---------- Task input ----------
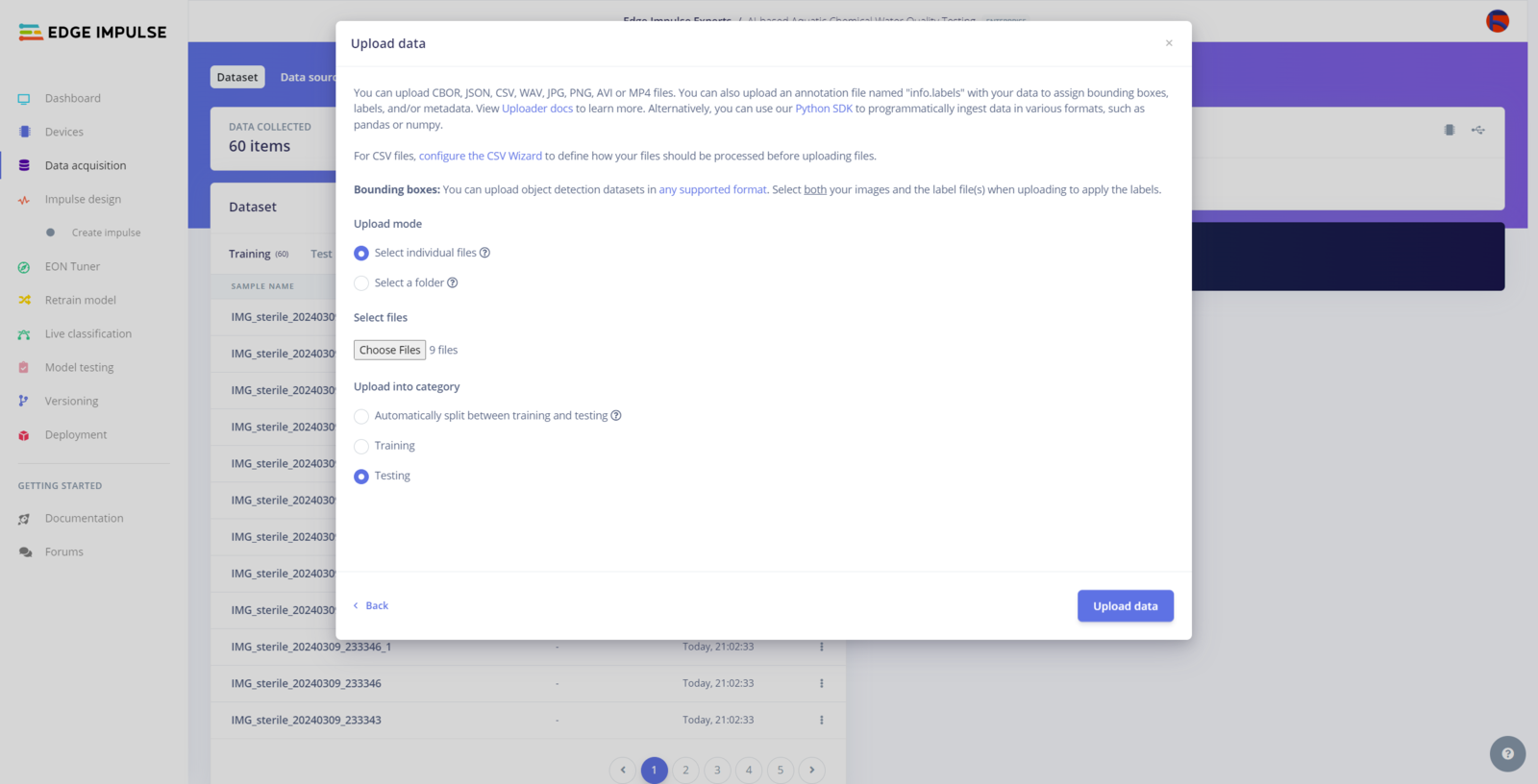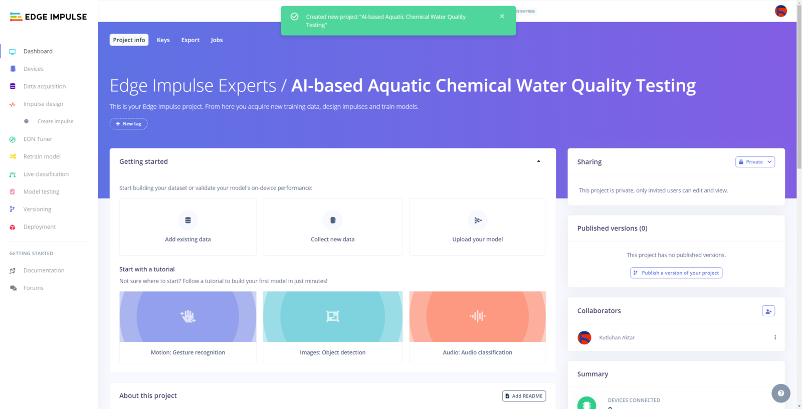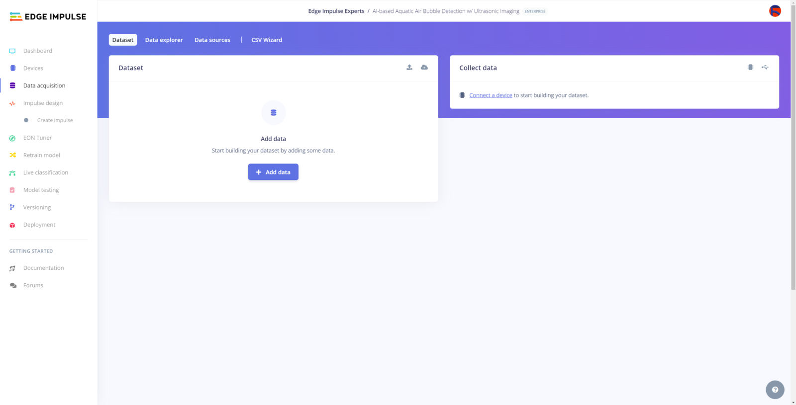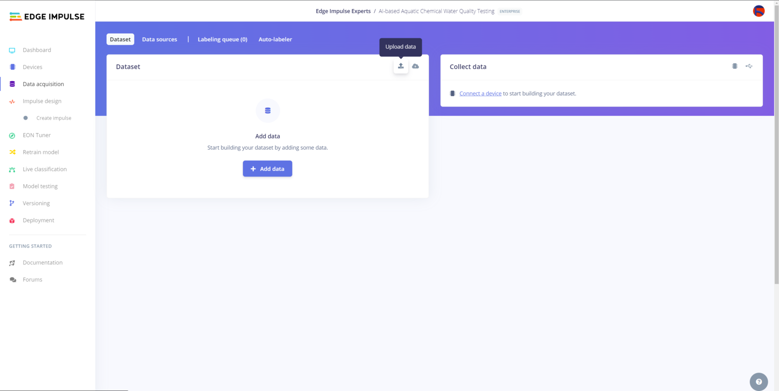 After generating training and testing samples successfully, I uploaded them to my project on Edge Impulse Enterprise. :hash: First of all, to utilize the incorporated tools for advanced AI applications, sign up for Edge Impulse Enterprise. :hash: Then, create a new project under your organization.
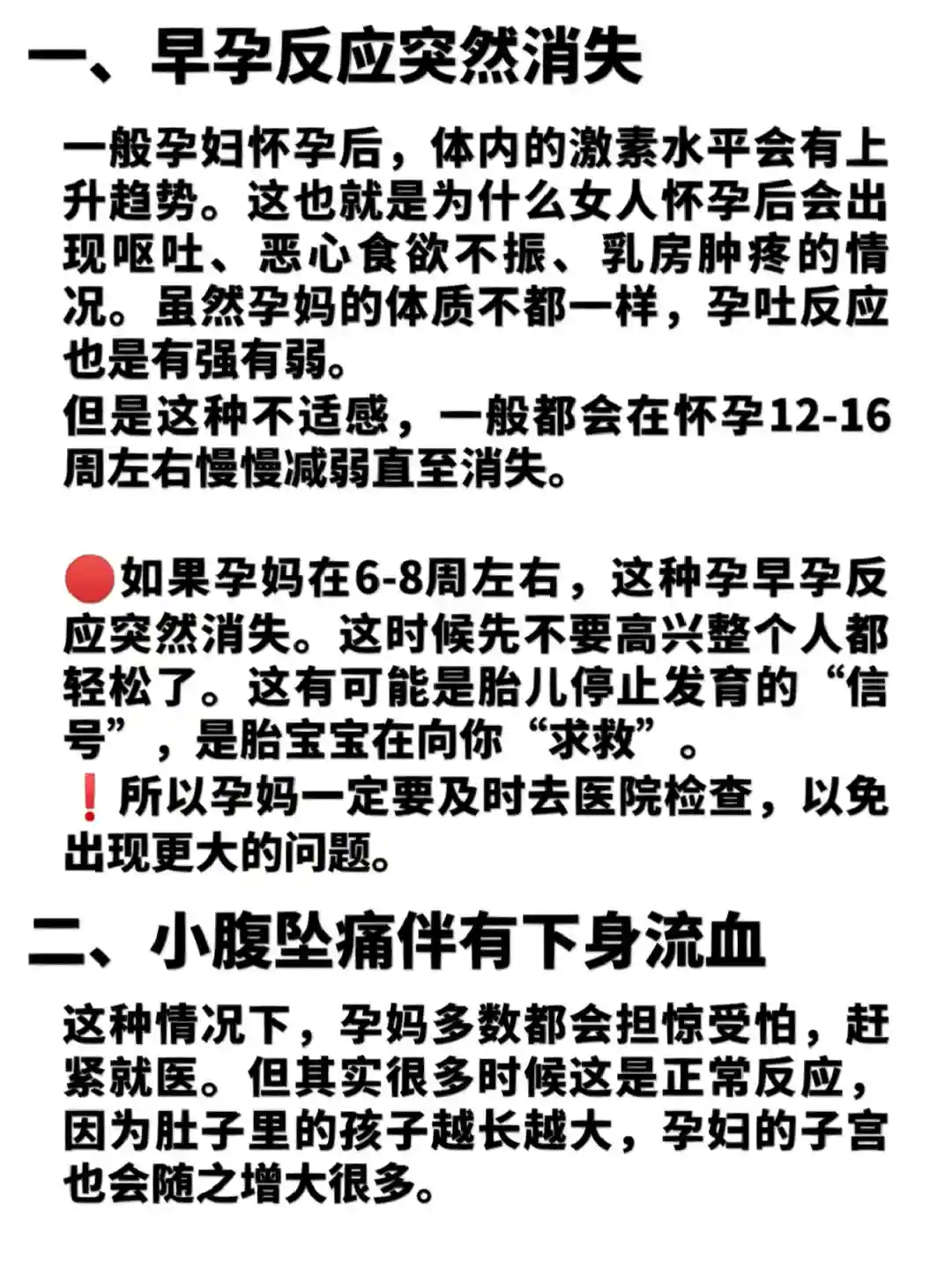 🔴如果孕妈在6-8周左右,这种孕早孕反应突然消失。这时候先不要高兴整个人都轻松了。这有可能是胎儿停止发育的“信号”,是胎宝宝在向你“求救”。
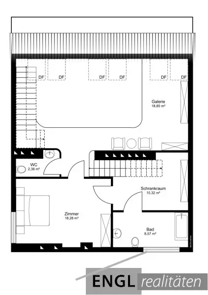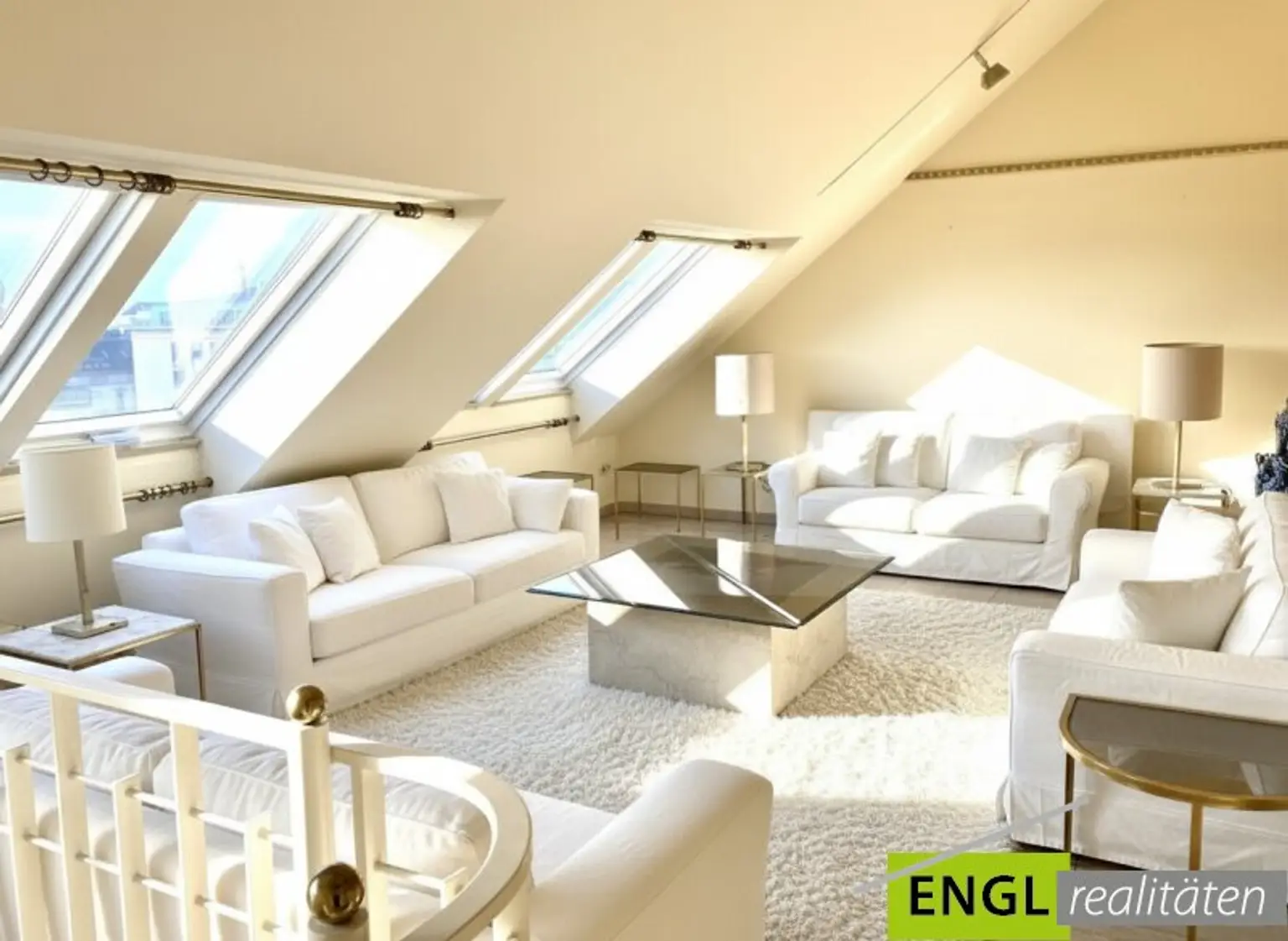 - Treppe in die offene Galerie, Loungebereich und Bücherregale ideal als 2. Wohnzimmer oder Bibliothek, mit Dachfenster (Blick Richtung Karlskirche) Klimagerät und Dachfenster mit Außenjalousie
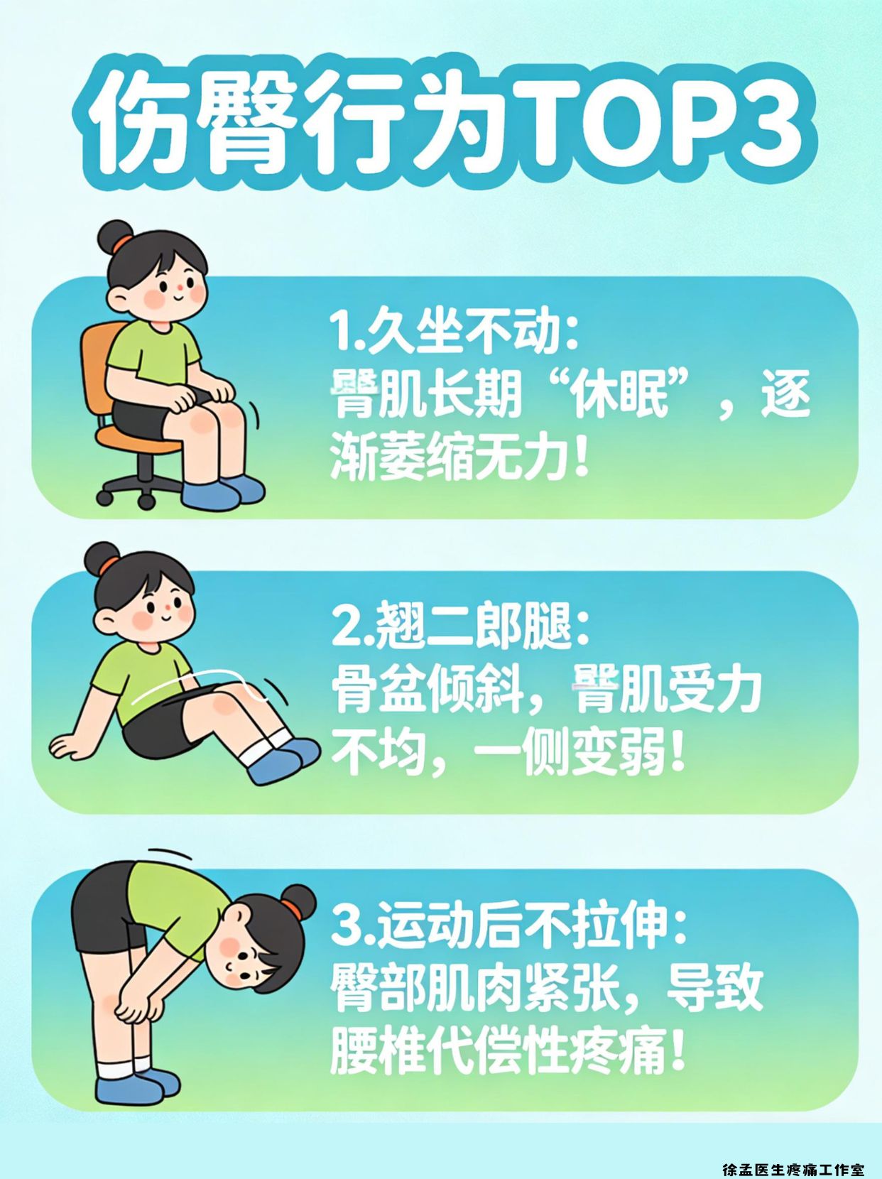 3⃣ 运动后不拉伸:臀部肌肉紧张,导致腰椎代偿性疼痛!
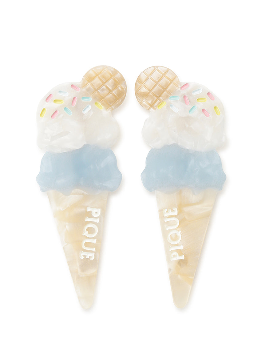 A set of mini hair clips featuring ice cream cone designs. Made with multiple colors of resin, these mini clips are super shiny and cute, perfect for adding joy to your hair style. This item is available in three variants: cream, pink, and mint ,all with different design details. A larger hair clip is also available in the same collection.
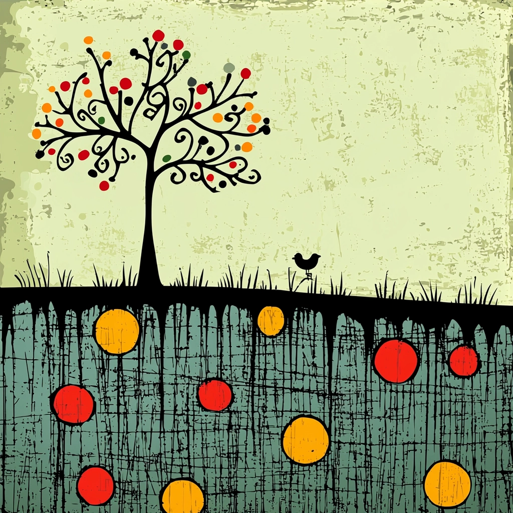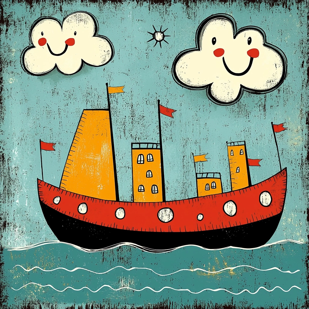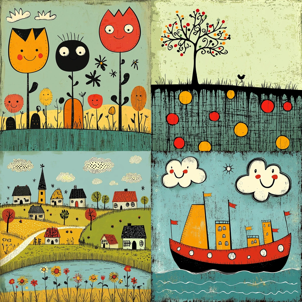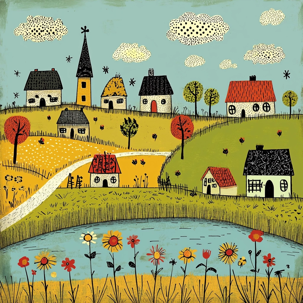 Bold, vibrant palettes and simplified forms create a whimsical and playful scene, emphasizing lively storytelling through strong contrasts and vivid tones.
----------
* Problem statement *
Please retype the whole listing above exactly, without any of its images.

* Answer to this exercise *
 After generating training and testing samples successfully, I uploaded them to my project on Edge Impulse Enterprise. :hash: First of all, to utilize the incorporated tools for advanced AI applications, sign up for Edge Impulse Enterprise. :hash: Then, create a new project under your organization.
 🔴如果孕妈在6-8周左右,这种孕早孕反应突然消失。这时候先不要高兴整个人都轻松了。这有可能是胎儿停止发育的“信号”,是胎宝宝在向你“求救”。
 - Treppe in die offene Galerie, Loungebereich und Bücherregale ideal als 2. Wohnzimmer oder Bibliothek, mit Dachfenster (Blick Richtung Karlskirche) Klimagerät und Dachfenster mit Außenjalousie
 3⃣ 运动后不拉伸:臀部肌肉紧张,导致腰椎代偿性疼痛!
 A set of mini hair clips featuring ice cream cone designs. Made with multiple colors of resin, these mini clips are super shiny and cute, perfect for adding joy to your hair style. This item is available in three variants: cream, pink, and mint ,all with different design details. A larger hair clip is also available in the same collection.
 Bold, vibrant palettes and simplified forms create a whimsical and playful scene, emphasizing lively storytelling through strong contrasts and vivid tones.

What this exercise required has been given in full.